In the old days, the djurus were taught fairly quickly and then the applications addressed. In our version today, you learn a djuru, work on the applications for it, then move on. Same difference in the long run, perhaps, but different teaching philosophies.

Back then, you might learn all eighteen in a year or two; now, we learn one or two a year, and sometimes not even that many. Slower -- but you don't need a memory trick to keep track of them. And you get most of what you'll likely need in the first two anyhow, so there's no hurry to learn them all.

Contrasted with that thirty-five or so years ago take was one shot last year, wherein one of Stevan Plinck's senior students did all eighteen of the forms.

To my mind, the earlier versions were too fast and sloppy. Now, the upper body moves have gotten smoother and crisper, and the langkas are definitely better. (If you come up onto your toes when you do a sweep --sapu --- you won't have the balance that you do if you stay low -- a straight knee isn't as good as one that is partially bent.

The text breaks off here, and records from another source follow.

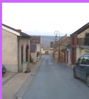
Une vue cadrée sur le paysage
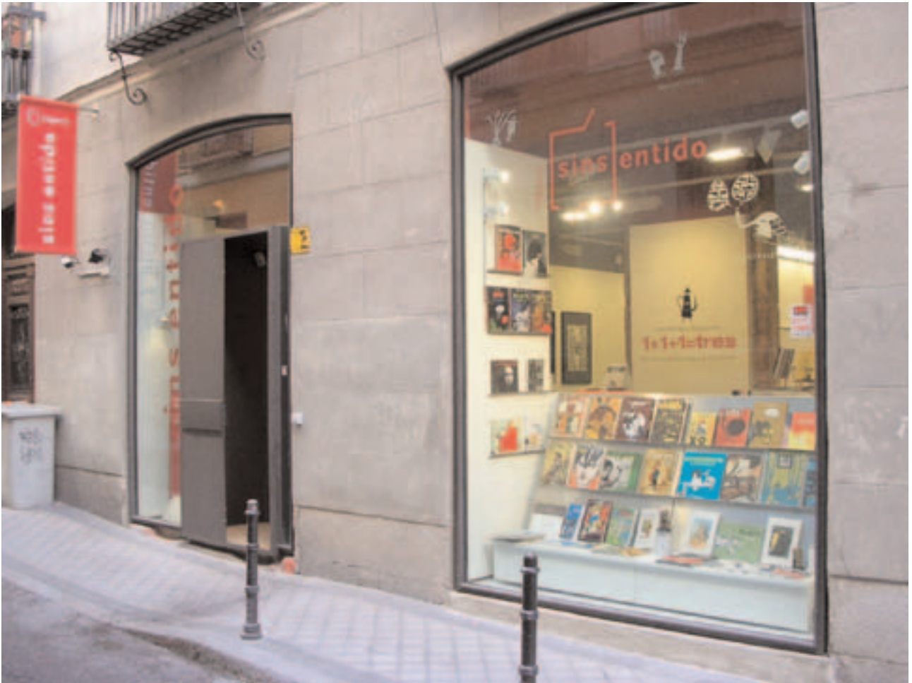
Fachada del Espacio Sins Entido en Válgame Dios, 6
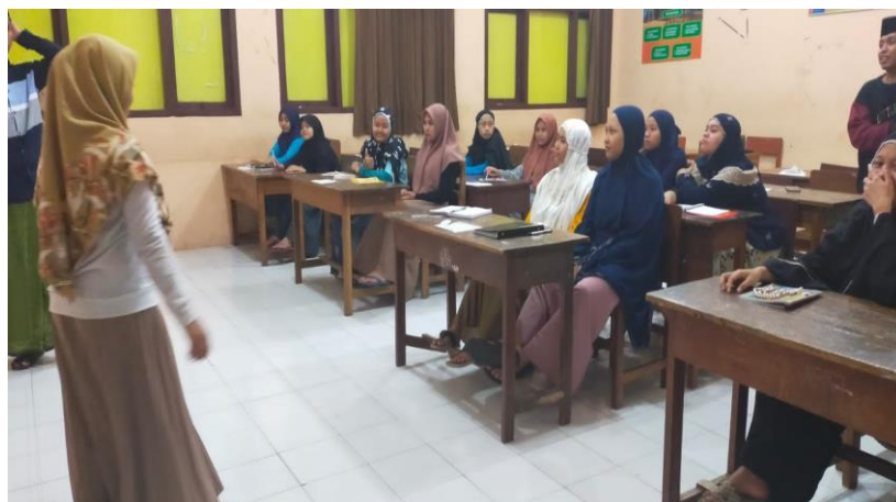
Gambar 4. 10 : Tutor Bahasa Inggris dari Blokagung Sumber : Dokumen Peneliti, Januari 2022

“Dengan adanya ma'had membuat siswa yang menempati di sana merasa aman dan nyaman. Mereka disibukan dengan kegiatan- kegiatan yang membuat mereka lupa dengan rumahnya. Disisi lain kegiatan tersebut tidak ada yang memberatkan mereka. Seperti pengajian kitab klasik, sorogan kibtab, pendalaman bahasa, khitobah dll.
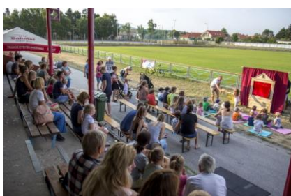
- kino - trhy -
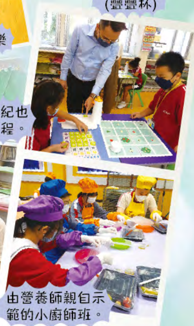
由營養師親自示範的小廚師班。
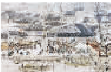
天后宫影壁上的沽上繁华
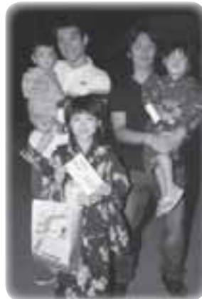
浴衣コンテスト入賞者のみなさん
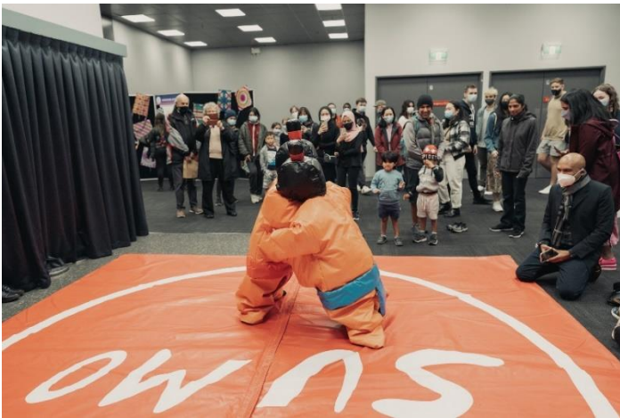
Kids having fun experiencing sumo 相撲体験を楽しむ子供たち
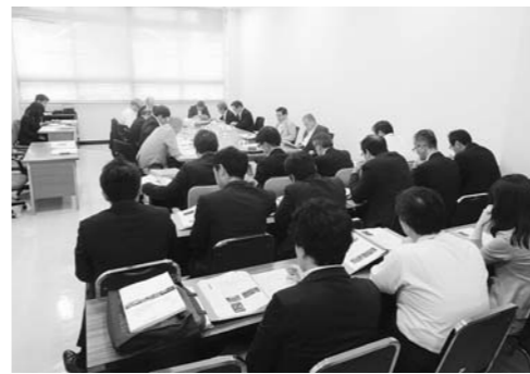
観光客受入対策特別委員会 (6月26日)
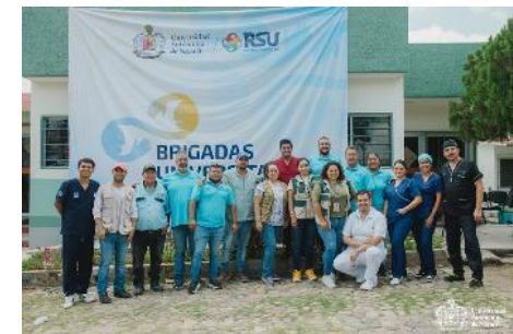
Equipo de brigadas universitarias
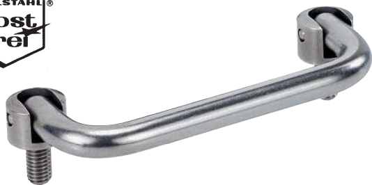
Ausführung in rostfreiem Edelstahl, Oberfläche matt glänzend Stainless Steel, surface shiny matt
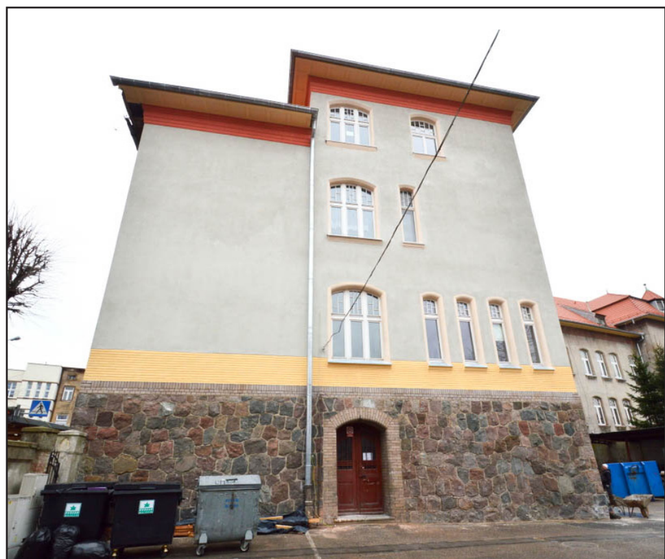
Nowa elewacja budynku

Ze względu na zły stan techniczny firma PPH Arkomet Sp. z o.o. z Mławy wykonała nową elewację dwóch ścian budynku ratusza, dostosowaną do charakterystyki budynku według zaleceń konserwatora zabytków.
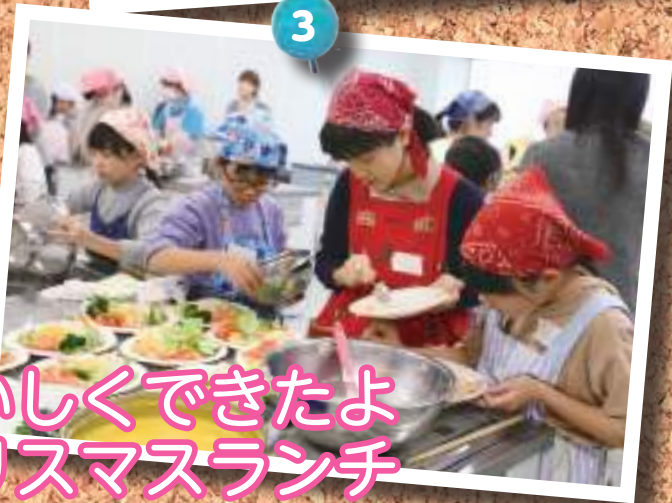
3 おいしくできたよクリスマスランチ
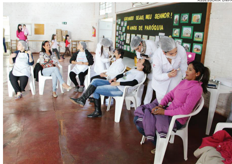
Estética e Cosmética oferece maquiagem e limpeza facial

Toledo - Os acadêmicos dos cursos de Educação Física e Estética e Cosmética da Unipar, com a supervisão dos professores das duas áreas, participaram de uma tarde cultural no Jardim Coopagro, em Toledo.
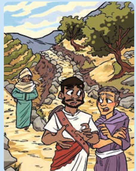
Teikning: Faye Simms

Her viser Jesus seg etter at han døde og stod opp att. Dei to bileta er nesten heilt like, men kan du finne fem feil på biletet under?
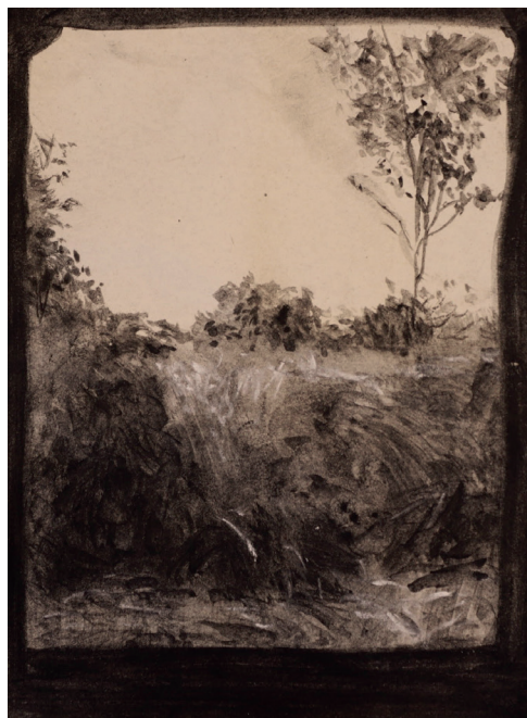
CHICO RIBEIRO Estudos para Dragão de ferro VII, 2025 Carvão sobre papel 20cm x 15cm
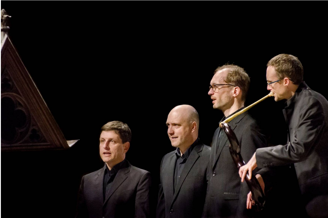
Les Meslanges à St Germain-des-Prés, 10 mai 2016.
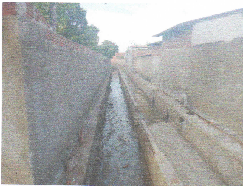
FIGURA 4 - SERVIÇO DE DEMOLIÇÃO E LIMPEZA – TRECHO ENTRE A RUA PROFESSORA DALILA DA FONSECA ROCHA E RUA 15 DE NOVEMBRO;
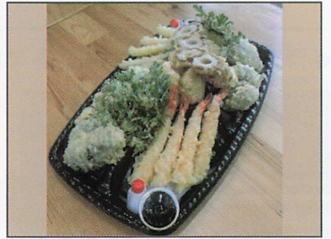
天ぷら盛り合わせ 4人前 3,000円（税込） 海老天、ちくわ天、とり天など 天ぷら6種の盛り合わせ

Thirty-five years ago, the two players rose like ballet dancers en pointe when they did their sweeps; last year, the player doing the demo swept low and stayed low every time. In martial arts in general, a lower center of gravity is usually a good thing. Not that the former won't work; only that the latter works better.)

Too, the more modern version uses the body, the hips and shoulders and torso drive the motions, and there seems to be a focused intent; whereas the disco-era version seems to be all tool, and a race to see how fast they can get them done ...

Supposedly in the old country, teachers believed they could tell who the victor in a fight would be by watching a pair of students do their djurus. If you know what to look for, you can see centered and balanced motion.

If you can stay centered and balanced, you are better off than somebody who cannot.


Anonymous said...

I think back in the day most people learning martial arts over here had a fairly one-dimensional view of combat for a while - develop alot of muscle and power, and if your faster you automatically win.

All along it was body positioning and timing that really mattered.

With the evolution of different forms of combat, and the spread of MMA gyms across the country, people are beginning to have their awareness of what's really effective in martial art greatly expanded.
Though in my opinion, apart from the lack of "stickiness" in MMA, they do have yet to actually utilize completely practical techniques in combat.

Sorry. I wish I could have given a better comment than this but I just got him from work and am very tired.
Great post though.

Internet's being wonky today so I can't sign in, but this is TracelessTiger, for the record.

Stan said...

"If you can stay centered and balanced, you are better off than somebody who cannot."

Sounds as much like a "Life Lesson" as a martial arts critique!